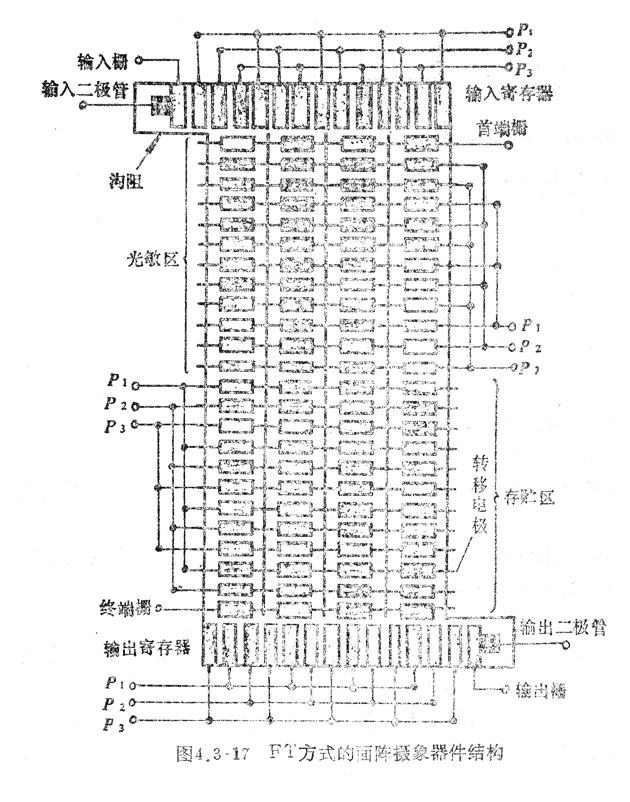 图(a)帧转移方式,其详细电路结构如图4.3-17所示。这种器件由象素数量相同的受光部(摄象区)和存贮以及水平移位寄存器和输出电路组成。在某一场周期内,对应光的输入在受光部所产生的信号电荷,用附加在三相电极上的交迭脉冲在场消隐期间内一一对应地平移到存贮部。在下一场正程期间,受光部又对下一场的光照产生的电荷进行积累。存贮部结构与受光部相同,它存贮上一场的图象信号,并在行消隐期间内,在其三相电极上,加上一个周期性的三相交迭行步进脉冲,使存贮区的信号每经过一行的时间,便向水平移位寄存器平移一行。水平移位寄存器也是三相操作,在行正程期间,它的三相电极上附加水平传送交迭脉冲,使一行的图象信号通过输出电路顺次输出。
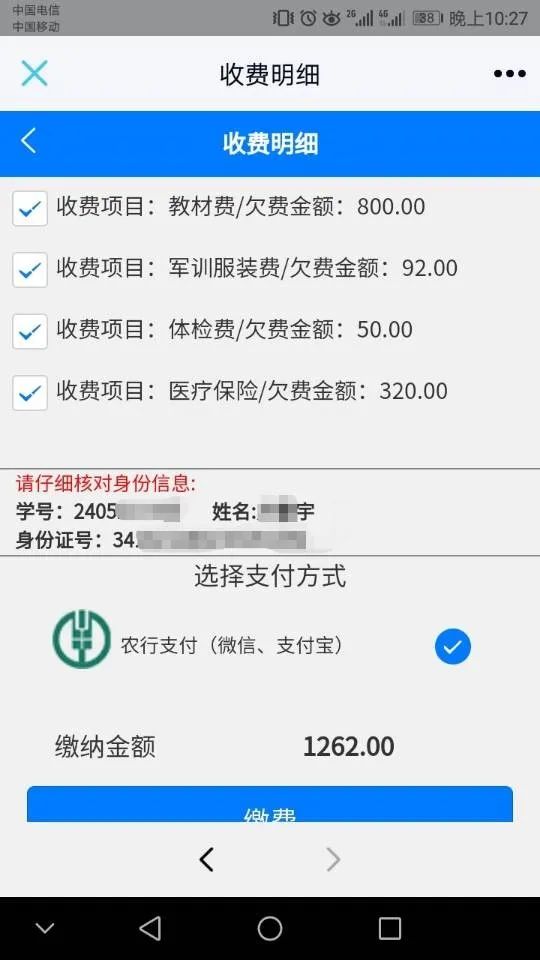 5.点击缴费,跳转到微信支付页面(目前仅支持微信支付
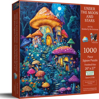 Under the Moon and Stars 1000 pc Jigsaw Puzzle by SunsOut - 1000 Piece Jigsaw Puzzle - Completed Size: 20" x 27" - Puzzle Artist: Kimberly McGuiness - Interlocking Pieces and Durable Construction: SunsOut jigsaw puzzles feature interlocking pieces that fit securely, making assembly easier and reducing frustration. -Ages: 15 years and older - Perfect for adults and seniors. SunsOut puzzles ensure high manufacturing standards ensuring their commitment to quality and customer service. - SunsOut puzzles use soy based inks, high quality puzzle board. As this is a jigsaw puzzle: assembly is required and batteries are not required.
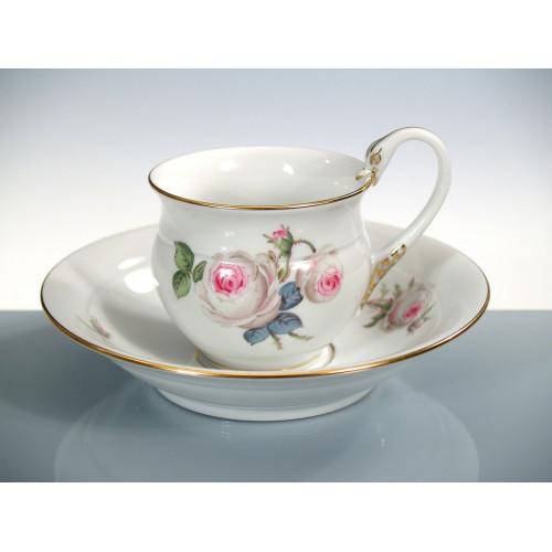 Kaffeetasse m.U., Weiße Rose mit Purpurkern, Goldrand, 0,13 l
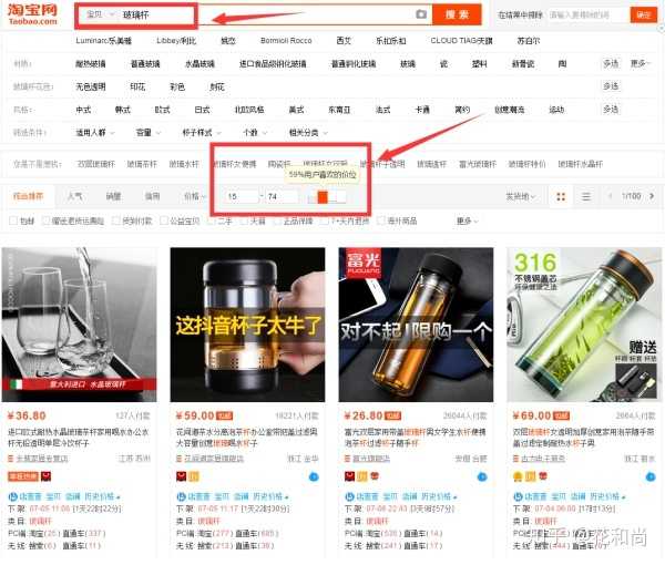 比如我们在淘宝首页搜索“玻璃杯”的时候,可以看到一个价格区间
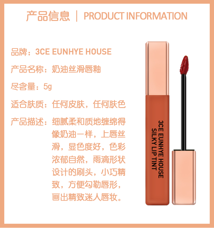【保税仓】3CE三熹玉云朵唇釉铁锈红IMMANENCE4g
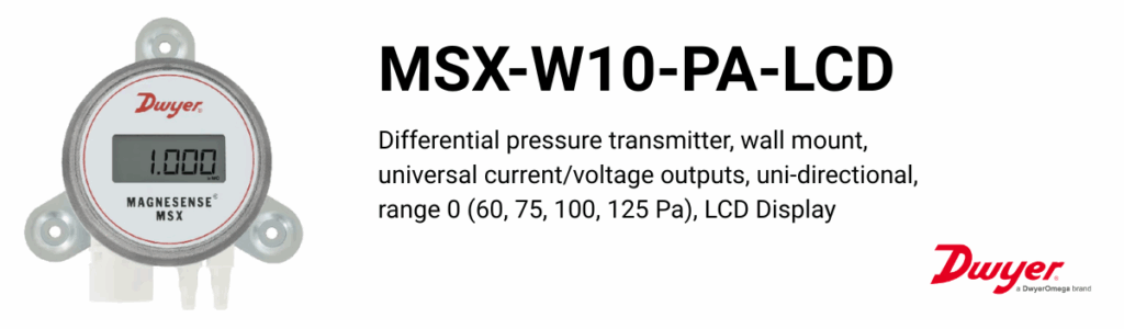 For accurate and reliable pressure measurement in HVAC and cleanroom environments, the Dwyer MSX-W10-PA-LCD stands out with its high precision, wall-mount design, and a large LCD display for easy readability. With multiple selectable ranges and universal outputs, it’s a versatile solution for pressure monitoring applications.
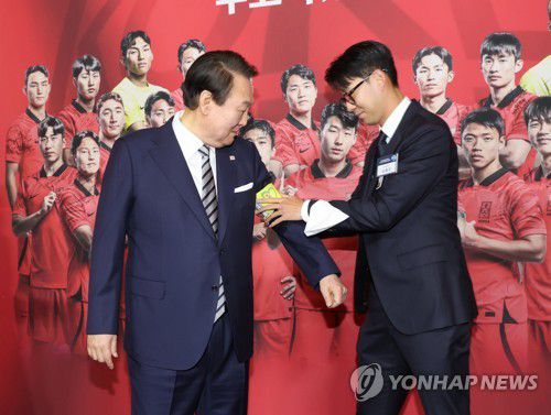 이 자리에서 대표팀 주장 손흥민 선수는 포르투갈전 승리 때 착용한 노란색 주장 완장을 윤 대통령 왼팔에 직접 채워주기도 했다.
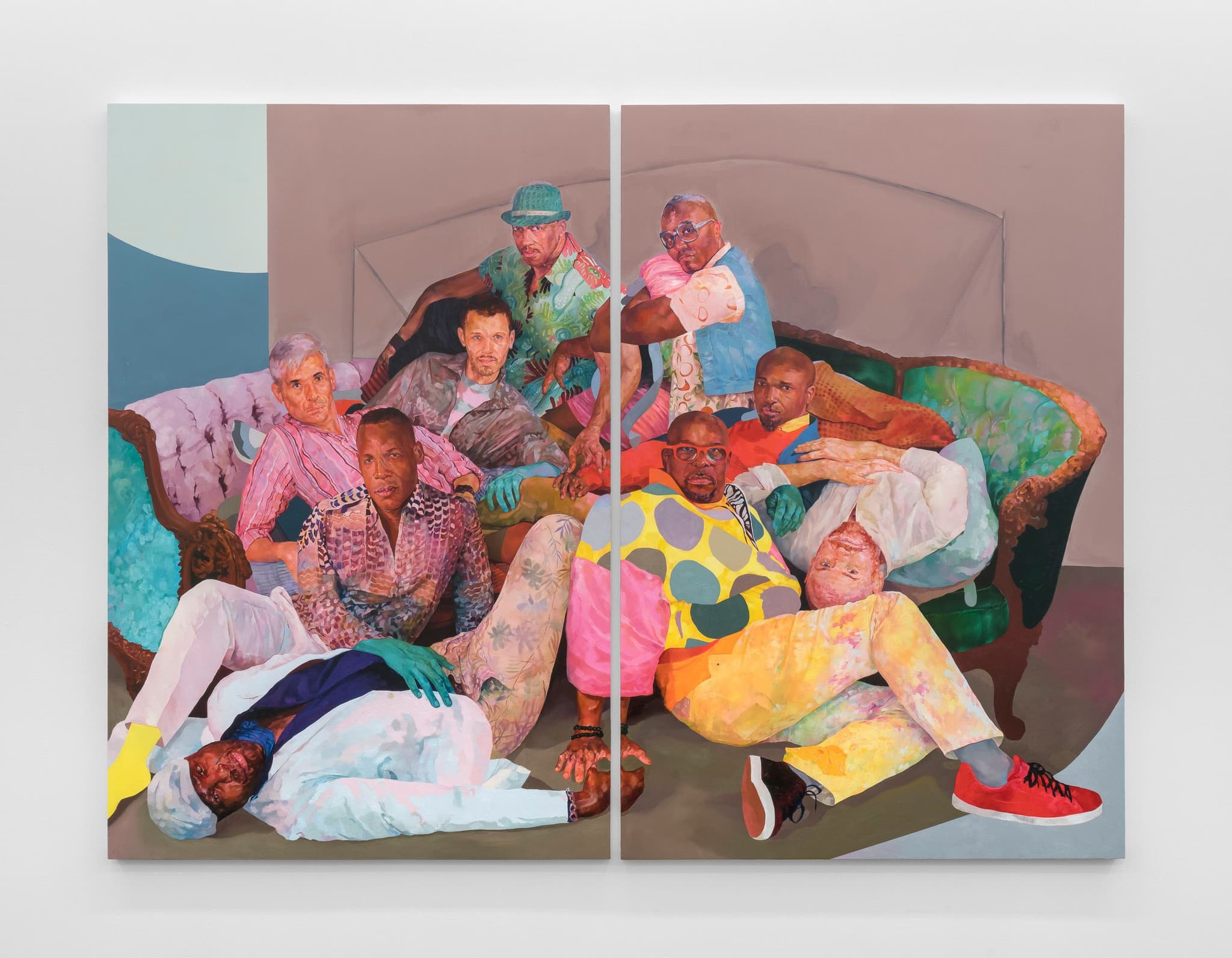 David Antonio Cruz, canyoustaywithmetonight_causeyouarehere,youarehere,andweareherewithyou, 2021. Oil and latex on wood panels, 72 × 96 inches (182.9 ×243.8 cm) (overall). Courtesy the artist and Monique Meloche Gallery, Chicago. © David Antonio Cruz
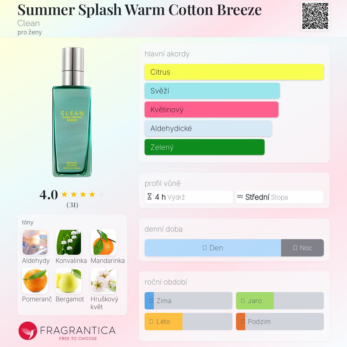 Summer Splash Warm Cotton Breeze podle Clean je Floral Aldehyde vůně pro ženy. Summer Splash Warm Cotton Breeze byl/a uveden/a v roce 2016. Vrchní tóny jsou Aldehydy, Mandarinka, Pomeranč a Bergamot; střední tóny jsouKonvalinka, Hruškový květ a Hyacint ; základní tóny jsou Pižmo, Jantar (ambra) a Bílé dřevo.
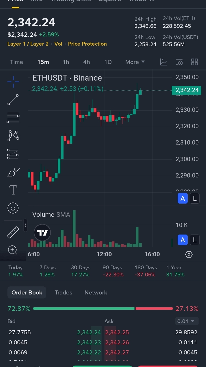 Look at the order book: 72.87% BID vs 27.13% ASK

===============

* [Problem requirements] Out of the records above, please copy exactly the lines from the line with "Kaffeetasse m.U., Weiße" up to and including the line with "이 자리에서 대표팀 주장", minus the pictures.

* [Exercise response]
 Kaffeetasse m.U., Weiße Rose mit Purpurkern, Goldrand, 0,13 l
 比如我们在淘宝首页搜索“玻璃杯”的时候,可以看到一个价格区间
【保税仓】3CE三熹玉云朵唇釉铁锈红IMMANENCE4g
 For accurate and reliable pressure measurement in HVAC and cleanroom environments, the Dwyer MSX-W10-PA-LCD stands out with its high precision, wall-mount design, and a large LCD display for easy readability. With multiple selectable ranges and universal outputs, it’s a versatile solution for pressure monitoring applications.
 이 자리에서 대표팀 주장 손흥민 선수는 포르투갈전 승리 때 착용한 노란색 주장 완장을 윤 대통령 왼팔에 직접 채워주기도 했다.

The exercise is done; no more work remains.